Проснувшись, Гершанович попробовал свой лоб — он был гладкий и чистый. «Пуля у меня в уме», — решил человек. Тогда он попробовал свой затылок и нащупал там лишь старую вмятину прежнего увечья. «Я все еще живой, я на этом свете, я же так и думал, — размышлял узник. — Их новый мушкет — это не изобретение, их начинка патрона слаба, я так и знал. Ну скольких они убили одной пулей? Ну троих, четверых, наверно, а прежде до меня, до шестого, пуля доходила: слабеет враг людей, слабеет — я чувствую!»
Гершанович, лежа, пригляделся в сумраке, еще озаренном тайным, еле дышащим, вздрагивающим издали светом. Возле него лежал его передний сосед — лысый старик с детским пухом на чистой коже головы. Гершанович приложил свою руку к голове старика; голова его остыла, и весь человек умер, хотя он и не был поврежден ничем. «Вот я и думал — не нужно пугаться, — решил Гершанович. — От испуга может свет кончиться, а что тогда будет? Не нужно пугаться!»
Он сообразил, где находится; это было подземелье, где их, восьмерых людей, расстреливали, и свеча еще вдали не догорела. «Плохо, что мы тут, — рассуждал Гершанович. — Будет смерть. Ну что ж! Перед смертью тоже бывает немного жизни. В прошлый раз меня увезли в могилу, оттуда можно было жить…»
К нему склонился офицер. Гершанович почувствовал его по чужому дыханию, по смрадной нечистоте его внутренности, выносимой с дыханием наружу.

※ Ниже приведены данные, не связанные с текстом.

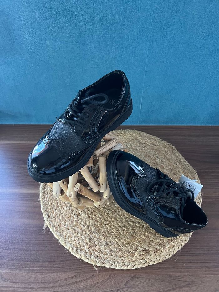 Très jolies Derbies vernies noire , jamais mises car oubliées dans le dressing . Je ne sais plus où je les ai achetées

— Ну, как это у вас большевики говорят? — сказал офицер. — Не вышло?! Седьмым стал в очередь, жить захотелось еврею!
— По-моему, это у вас не вышло, — ответил Гершанович, — я живой!
— Ты уже мертвый! — определил офицер и наставил в лоб Гершановичу дуло своего личного маленького револьвера.
Гершанович поглядел в бледные, изжитые тайным отчаянием глаза офицера и сказал ему:
— Палите в меня… Здесь у меня жизнь, а там мои дети — у меня везде есть добро, мне везде хорошо… Мы здесь были людьми, человечеством, а там мы будем еще выше, мы будем вечной природой, рождающей людей…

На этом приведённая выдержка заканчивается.